The Ministry of Finance of Uganda has proposed a series of tax amendments aimed at boosting nascent businesses, streamlining corporate restructuring, and formalizing the economy, according to a recently published analysis. The seven amendment bills, tabled ahead of the new financial year starting in July, outline the government’s strategy for revenue collection and expenditure.
A key proposal in the Income Tax Amendment Bill 2025 is a three-year income tax holiday for startups established after July 1, 2025, with investment capital not exceeding UGX 500 million (approximately $135,000 USD). Tax experts note this could provide crucial breathing room for new businesses, which often struggle with early tax burdens. However, concerns have been raised about the specific criteria, including the definition of “investment capital” and the implications for businesses established just before the deadline.
John Jet Tusabe, director of Tax and Regulatory Services at BDO Uganda, speaking on The Tax Hub Podcast, highlighted the potential benefit but cautioned about the design, which might exclude existing struggling startups. He also pointed out ambiguities regarding filing requirements for these exempted businesses, which could pose challenges for small and medium-sized enterprises (SMEs) without dedicated financial personnel.
Another significant amendment targets “rollover relief” for business reorganizations. Existing rules primarily covered company-to-company asset transfers without triggering capital gains tax. The proposed change extends this relief to individuals transferring assets into a company, provided the ownership remains the same. This aims to facilitate restructuring without imposing tax burdens on what are essentially internal asset movements. However, experts like Tusabe have called for clearer language in the bill to prevent potential disputes with the Uganda Revenue Authority (URA).
The digital service tax has also drawn attention.
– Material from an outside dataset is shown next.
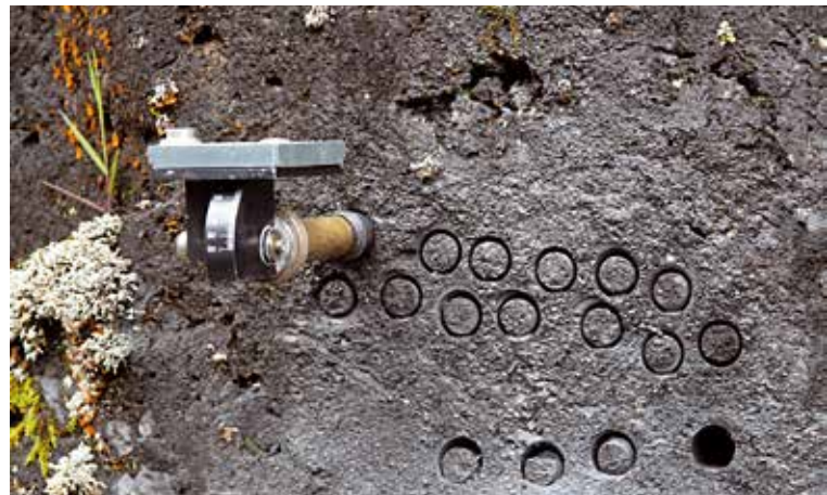
Afb. 5. Een net gemonsterde lava op Hawaii. De gradenboog voor het bepalen van de hoek met het horizontale vlak is te zien op het oriëntatie-apparaat. De richting van het monster wordt afgelezen op het kompas dat er bovenop ligt. De genomen monsters hebben een diameter van 1 inch (2.54 cm) en kunnen afhankelijk van het gesteente meer dan 10 cm lang zijn.

bepalen en daarmee ons begrip van de drijvende krachten erachter te verbeteren, is een flink aantal van zulke beschrijvingen, die goed gedistribueerd zijn over de aarde en dezelfde periode in tijd beslaan, onmisbaar. Voor de beschrijvingen van de richtingen van het aardmagnetisch veld is dit niet zo'n probleem omdat het relatief eenvoudig is om zulke informatie uit geschikt materiaal, zoals goed gedateerde lava's, te verkrijgen (afb. 3, 4 en 5). Het verkrijgen van een betrouwbare schatting van de intensiteit van het aardmagnetisch veld is echter een veel grotere opgave.

The proposed amendment excludes non-resident entities earning from digital services provided to their associates in Uganda from the standard five percent digital tax. Instead, these transactions will be subject to the standard 15 percent withholding tax under a different section of the law. Tax analysts suggest this change may be intended to prevent potential tax avoidance within related company structures.
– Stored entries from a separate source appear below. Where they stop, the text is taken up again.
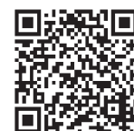
茨城県計量検定所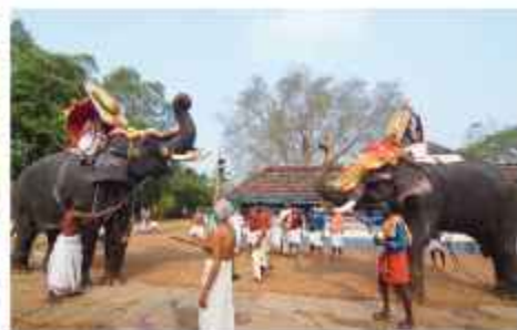
ചാത്തക്കുടം ശാസ്താവും തൊട്ടിപ്പാൾ ഭഗവതിയും ഉപചാരം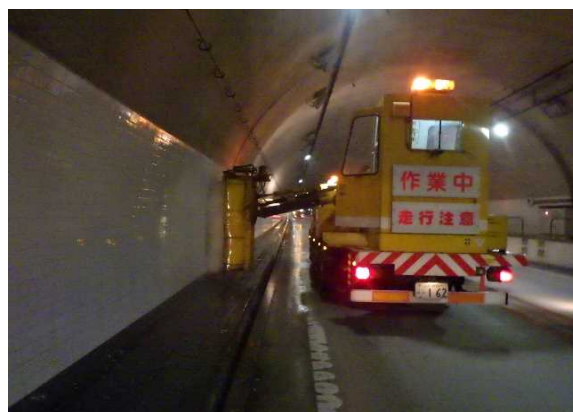
▲トンネル壁面清掃イメージ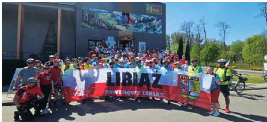
Uczestnicy rajdu rowerowego

A notable proposal within the Tax Procedure Code is an extension of a COVID-era interest and penalty waiver. Tax expert Bruce Musinguzi, a partner at Kampala Associated Advocates, explained that taxpayers who settle their principal tax between 2025 and 2026 will have associated penalties and interest waived on a pro rata basis. This offers significant relief to businesses burdened by substantial tax arrears and related charges.
In a move towards greater formalization, the proposed amendments would link the National Identification Number (NIN) to business operations. If passed, a valid NIN would become a prerequisite for obtaining a trading license, allowing the URA to trace business activities directly to individuals. Foreigners from countries with tax treaties or information-sharing agreements with Uganda could use their local tax IDs; otherwise, registration in Uganda would be required.
The gaming sector also faces increased scrutiny under the proposed changes. All betting platforms would be mandated to connect to a central system linked to individuals’ NINs, effectively ending anonymity in betting activities. Tax experts suggest this will enable the URA to monitor large or frequent betting transactions and assess income tax compliance.
These proposed tax amendments signal Uganda’s intent to foster a more supportive environment for new businesses while simultaneously strengthening tax administration and formalizing various sectors of the economy. The effectiveness of these measures will likely depend on the clarity of the final legislation and its practical implementation.